Here's what I think the circuit is doing:
- From what understood is that the circuit has VIN (voltage from DC plug) and VBUS (voltage from USB).
- The SY6280 is a current sensing chip to protect the USB from spikes from DC plug.
My question is, how does the BCM856BS (PNP/PNP matched double transistors) with the AO3415A MOSFET switch (I'm assuming it's for switching) between the two power supplies?
That whole circuitry with the PNPs and the PMOS work as a diode.
The PNPs in your circuit work like this input stage to a Raspberry Pi:
The circuit inside the box is what you have for PNPs and the PMOS. That is called an "ideal diode" circuit. Essentially it will allow current flow from the input to the VIN node in your circuit, but will protect from current going in the other direction. The advantage of this circuit is that the voltage drop across the "ideal diode" much lower than if you were to use a silicon diode and even an Schottky.

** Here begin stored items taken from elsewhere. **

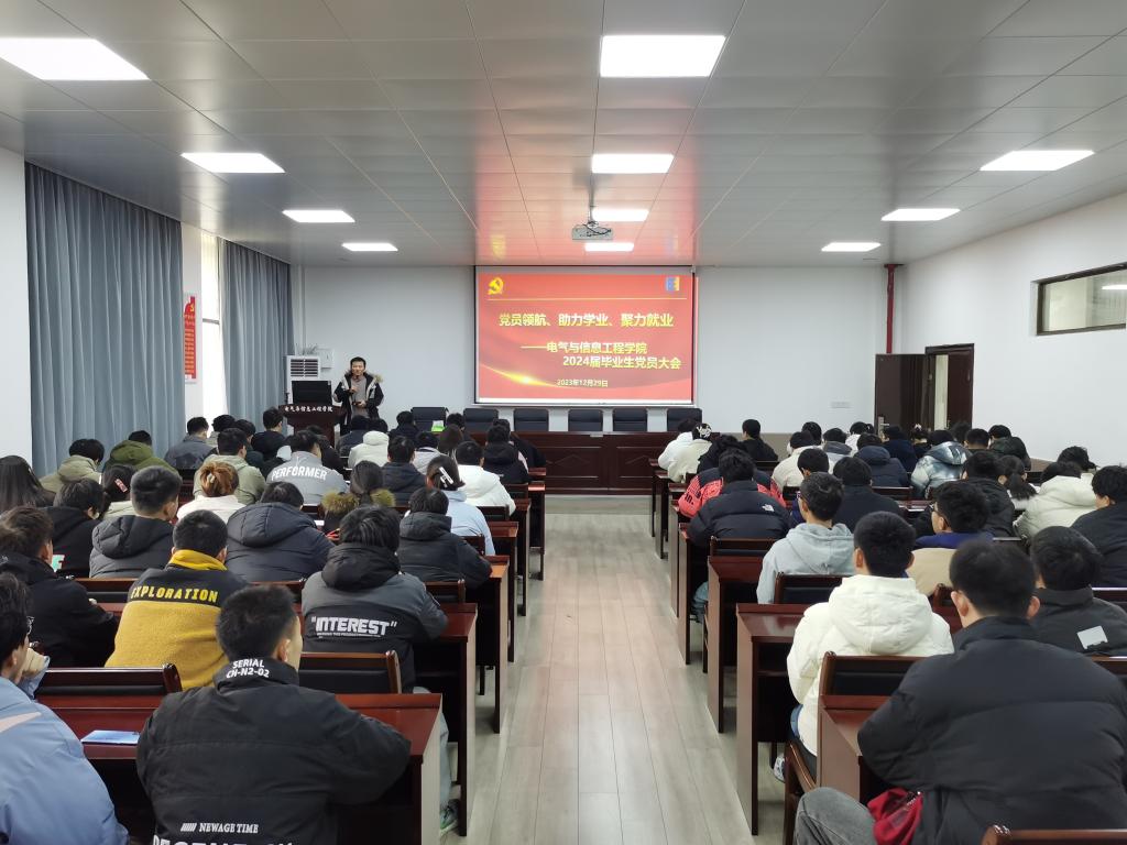在电气楼113会议室召开2024届毕业生党员大会。毕业班辅导员孔洋波、汤敏及毕业生党员参加了此次会议。
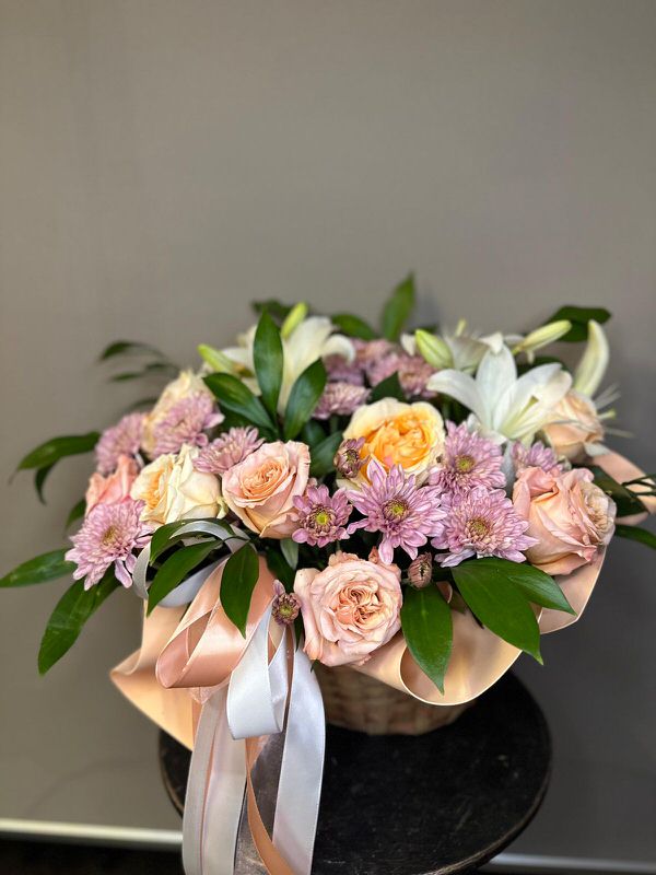 | Состав: | Маттиола, Розы, Хризантемы |
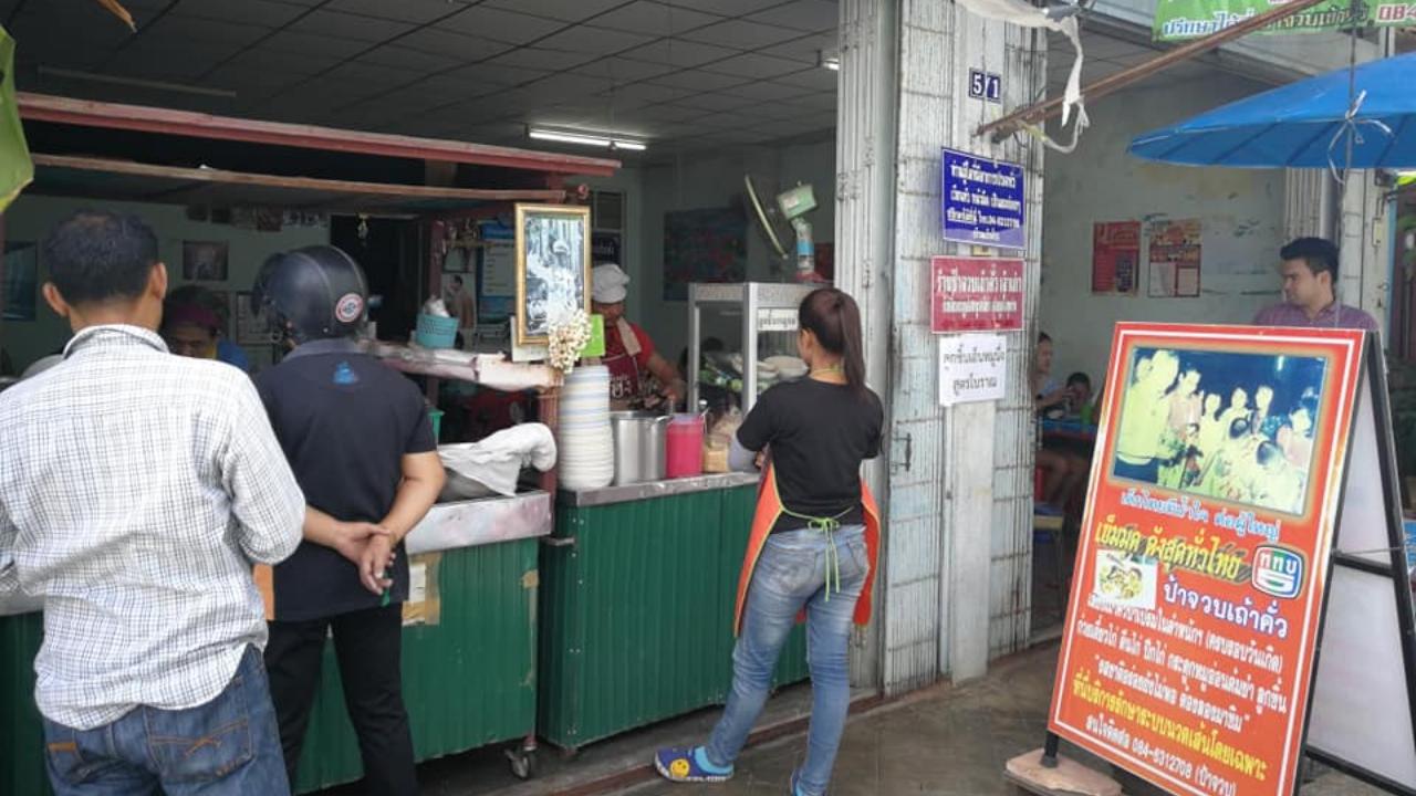 "ส่วนอีก 1 ร้านคือเมนู "เถ้าคั่ว" หรือ เต้าคั่ว มีเฉพาะที่จังหวัดสงขลาที่เดียว ร้านนี้ชื่อว่าร้านป้าจวบ ตั้งอยู่บนถนนยะหริ่ง ตำบลย่อยาง อำเภอเมือง จังหวัดสงขลา เป็นร้านพื้นๆ ไม่ได้ติดแอร์หรูหราแต่ป๋าชอบกินมากๆ โลเกชั่นร้านตั้งอยู่ในถนนสายเก่าแก่ ติดอยู่กับถนนนางงามซึ่งเป็นถนนดังในสงขลา เมนู "เถ้าคั่ว" ไม่ได้หมายความว่าอาหารในจานต้องผ่านการคั่ว แต่เป็นเส้นหมี่ มีผักลวกนานาชนิด กุ้งชุปแป้งทอดกรอบๆ และหมูสามชั้น รวมไปถึงเต้าหู้ ราดด้วยน้ำหวานๆ คล้ายๆ น้ำจิ้มไก่ แต่รสชาติอร่อยกว่ามาก ก่อนทานต้องราดด้วยพริกน้ำส้ม เรียกได้ว่าถ้าชาวสงขลาที่แยกย้ายไปอยู่ต่างบ้านต่างเมือง ถ้าผ่านมาอ่านรีวิวอันนี้ต้องอยากทานและหาโอกาสบินกลับมาแน่นอน"
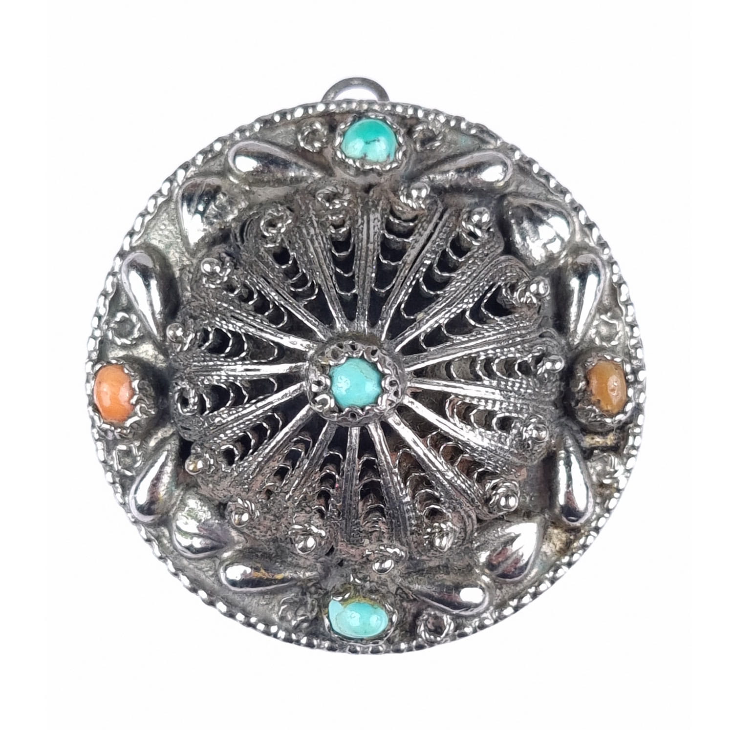 Brooch or pendant, silver filigree, turquoises.
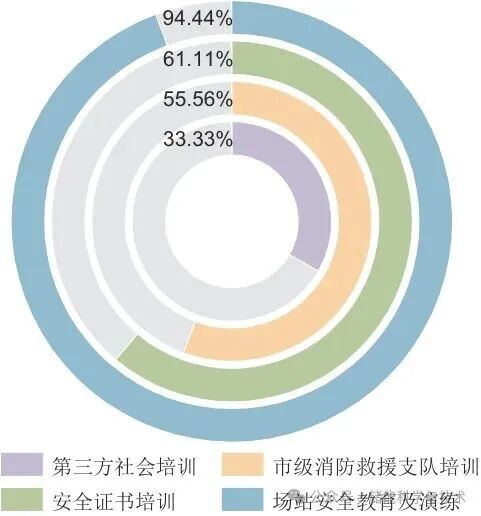 (1)運維團隊安全素質(zhì)能力提升方式。為全面提升儲能電站運維團隊的安全素質(zhì)能力,當前主要途徑包括場站安全教育與演練、第三方社會培訓、市級消防救援支隊培訓以及安全證書培訓。調(diào)查結(jié)果如圖11所示,94.44%的儲能電站優(yōu)先選擇場站內(nèi)部開展安全教育與實戰(zhàn)演練,體現(xiàn)出運維團隊對現(xiàn)場操作技能和應急響應能力培養(yǎng)的高度重視。其次為安全證書培訓(61.11%)和市級消防救援支隊培訓(55.56%),而第三方社會培訓的參與比例相對較低,僅為33.33%。整體上,電站管理者更傾向于通過內(nèi)訓手段進行常態(tài)化、針對性的安全能力提升。體現(xiàn)出行業(yè)培訓體系的系統(tǒng)性短板,第三方社會培訓多基于通用消防標準,缺乏電池熱失控特有情形的處置規(guī)范。安全證書培訓考核未覆蓋關鍵決策場景。場站培訓是成本-風險博弈的結(jié)果。
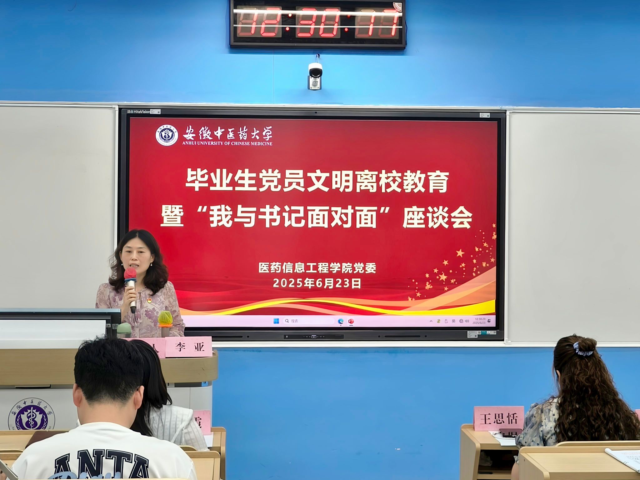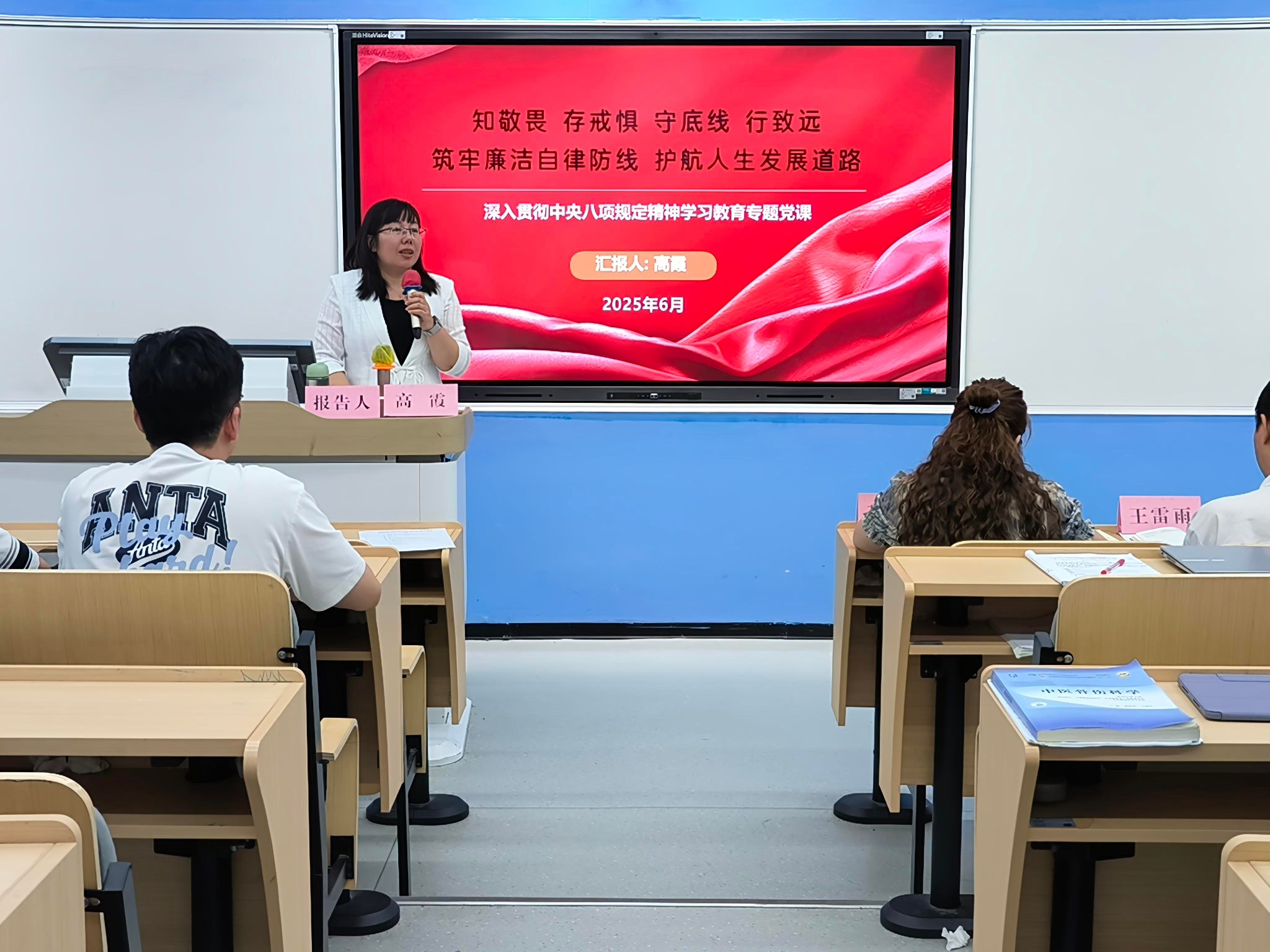 会上,高霞以《知敬畏 存戒惧 守底线 行致远 筑牢廉洁自律防线 护航人生发展道路》为题,通过党规党纪要求,联系典型案例,为2025届毕业生党员上了一堂廉政专题党课。
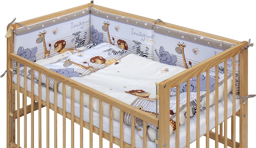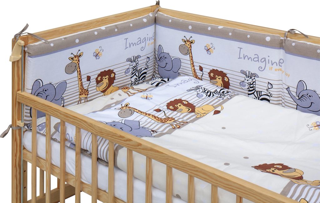 Bavlněné povlečení a mantinel jsou šité pro nejcitlivější dětskou pokožku – hypoalergenní, prodyšné a snadno pratelné v pračce. Mantinel 180×30 cm chrání miminko před nárazem do mřížek a tlumí průvan.
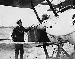 When war broke out in 1914, Collishaw's first idea was to join the Royal Navy, but did not hear from them for some time. Toward the end of 1915, Collishaw heard that the Royal Naval Air Service was hiring, and so he applied to them instead, and attended flight training (ground school and dual instruction) at the Curtiss Aviation School in Toronto (at his own expense).[3] He qualified as a probationary pilot in January 1916 and crossed the Atlantic on the Adriatic. His first posting was to the naval air station at Redcar, where he completed his pilot training, flying the Caudron G.3; his first solo taking place 16 June 1916.[4] After attending the Gunnery School at Eastchurch, he was confirmed as a full flight sub-lieutenant.
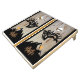 Personalize is a "One of a Kind" Bull Elk Corn hole Set! It Features a Black Bugling Bull Elk Silhouette, Mountains and Sun on a Wood Background!
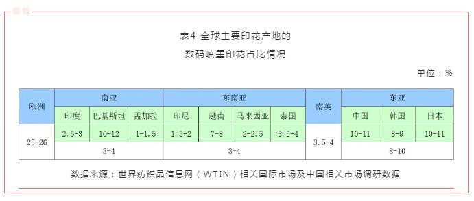 以中國(guó)、韓國(guó)和日本為代表的東亞地區(qū),數(shù)碼噴墨印花產(chǎn)量占比約為8%-10%;

You can read the link I referenced for more in-depth explanation of how the circuit works. But in a nutshell, when the voltage on the left side of the circuit is greater than what's on the right, the PMOS will initially conduct through its body diode, but soon after it'll fully turn on because the PNP on the output node side will be cut off, thus the PMOS gate gets pulled down to ground through the resistor, while the source is at ~VIN minus the diode drop. Once it turns, the current flows through the RDS(on) of the PMOS.
If the voltage on the right is greater than the one of the left of the circuit, the body diode is reverse biased, so no current (except for leakage) can flow through that. Also, the PNP on the right side of the circuit turns on, keeping the PMOS gate and source relatively at the same potential, and therefore off.